The Plain Dealer article by Ted Diadiun points to several instances 
when Kennedy "ignored" the facts, including:

"In his online footnotes, Kennedy refers no less than a half-dozen 
times to a five-month-long post-election investigation commissioned 
by the Democratic National Committee called `Democracy at Risk.'
"Somehow he never gets around to quoting the DNC investigative 
team's conclusion that `The statistical study of precinct-level data 
does not suggest the occurrence of widespread fraud that 
systemically misallocated votes from Kerry to Bush."

The newspaper also notes: "Kennedy saw conspiracy in a Franklin 
County foul-up that resulted in far too few voting machines at a 
polling place in a heavily black area that would presumably vote 
mainly for Kerry.

"But he didn't tell his readers that the chairman of the Franklin 
County elections board, who oversaw the county's voting machine 
allocation, was a black man who also chairs the county Democratic 
Party. Not a likely candidate to steal votes for Bush."

Plain Dealer Metro Editor Jean Dubail said this about the Kennedy 
article: "My first reaction after reading the thing was how little 
actual news there was in it."


Carl Weiser, government and public affairs editor for the Cincinnati 
Enquirer, expressed similar sentiments: "I read it and nothing in 
there was really new.

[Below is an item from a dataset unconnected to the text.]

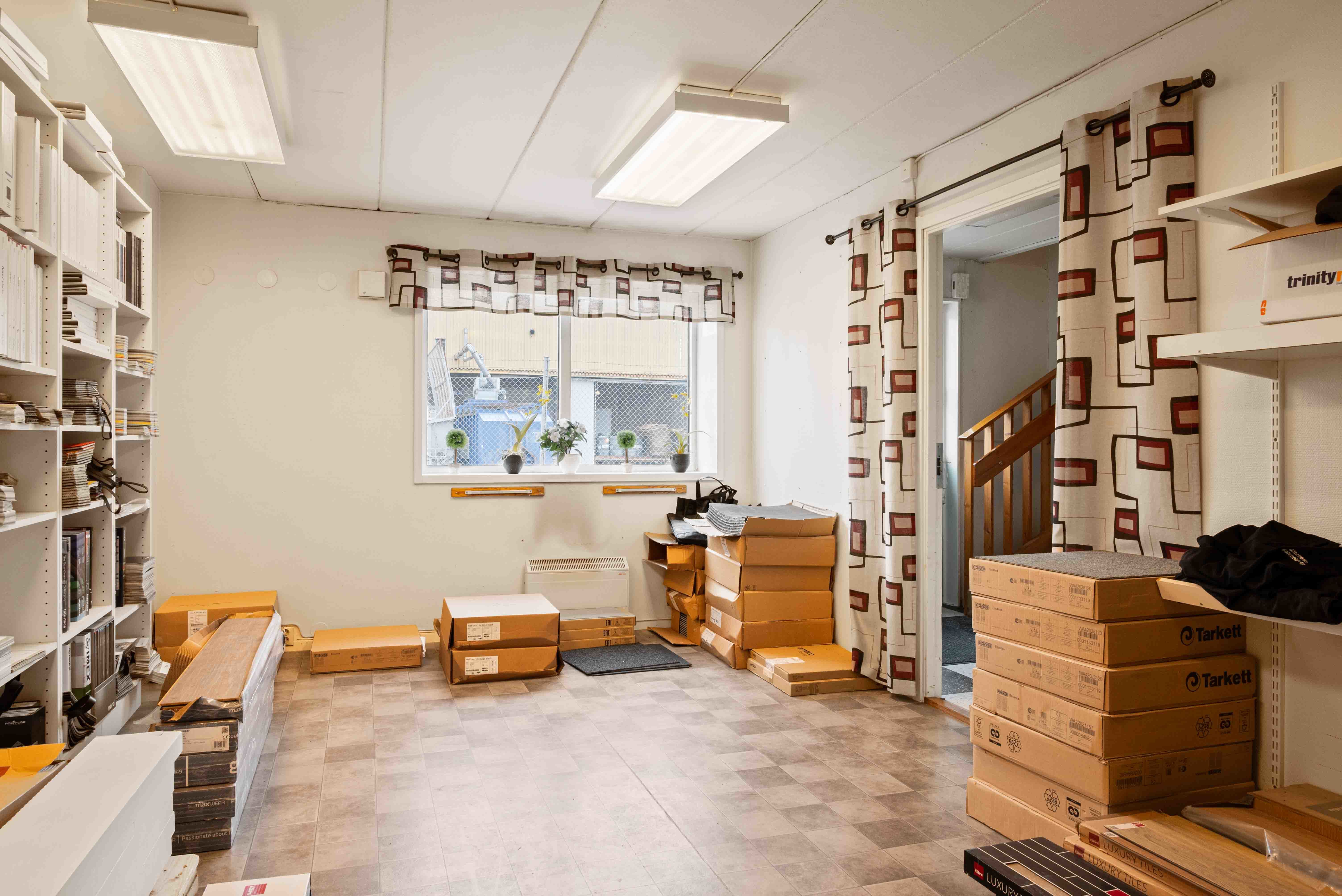 På entréplan möts du av rymliga lagerytor med generös takhöjd, egen entrédörr samt markport. Lokalen lämpar sig väl för logistik, produktion, e-handel, hantverksföretag eller annan verksamhet med behov av både lager och kontor.

The folks who know Ohio elections best checked 
into it and found there was no conspiracy."
And a story by Farhad Manjoo on the Web site Salon.com – another 
news source that's far from conservative – states: "If you do read 
Kennedy's article, be prepared to machete your way through numerous 
errors of interpretations and his deliberate omission of key bits of 
data."

The Plain Dealer concludes: "The less somebody knows about the 2004 
Ohio election and the father away from Ohio he is, the more likely 
he is to find merit in that Rolling Stone piece. And since our 
audience is right here in Northeast Ohio, I'm sure that most of you 
have already figured out that it's nonsense."